Some things simply aren’t, well, simple. Some things are worth waiting for.

Sometimes I think we rush through life like a kid on a timed test. We may get the answers right . . . but what have we really learned?

People skills must be learned in the context of relationships. Character must be developed through discipline and accountability. Patience must be learned by waiting. To circumvent any of these processes is tantamount to making queso dip without cheese. It just doesn’t turn out right!

I’ve heard older people say many times that the older you get, the more you learn there is to know. I’m finding that’s a truism worth taking to heart.
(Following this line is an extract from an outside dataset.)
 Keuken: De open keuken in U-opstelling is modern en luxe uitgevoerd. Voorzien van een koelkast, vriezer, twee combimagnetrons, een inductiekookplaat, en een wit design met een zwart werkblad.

As a child I remember working extra hard to develop a mnemonic device to help me remember key points in school. Of course, there were plenty of times when I spent more time perfecting the memory trick than I would have spent to just memorize the actual points!

In your quest to find simplicity, be sure that the things you seek to simplify are really worth the investment of energy. And make sure the integrity of the desired product is left intact.
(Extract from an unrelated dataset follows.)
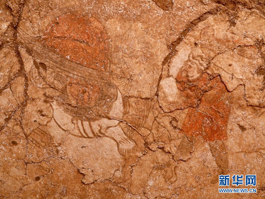 这是唐代康善达墓的墓室壁画(2020年12月15日摄)。新华社发(陕西省考古研究院供图)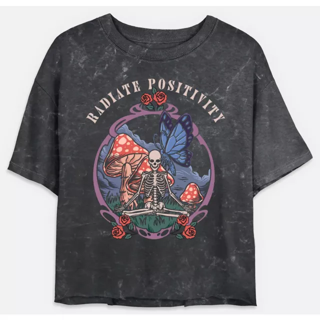 Spread the good vibes and radiate positivity anywhere you go while wearing this Radiate Positivity Skeleton T Shirt. Anyone looking to totally impress with their next outfit will love owning this stylish skeleton t shirt and it's sure to put you in a positive mood.

Some things in life aren’t meant to be simple. Sometimes the biggest payoffs come in realizing you navigated stormy and complicated waters yet made it safely to the sandy shore.

Give thanks today for those complicated people and situations in your life that allow God to conform you to His image. Discipleship is a process that can’t be rushed.

It will require time. It will require sacrifice. It will require self-denial.

But it will result in personal holiness — which is, after all, simply priceless.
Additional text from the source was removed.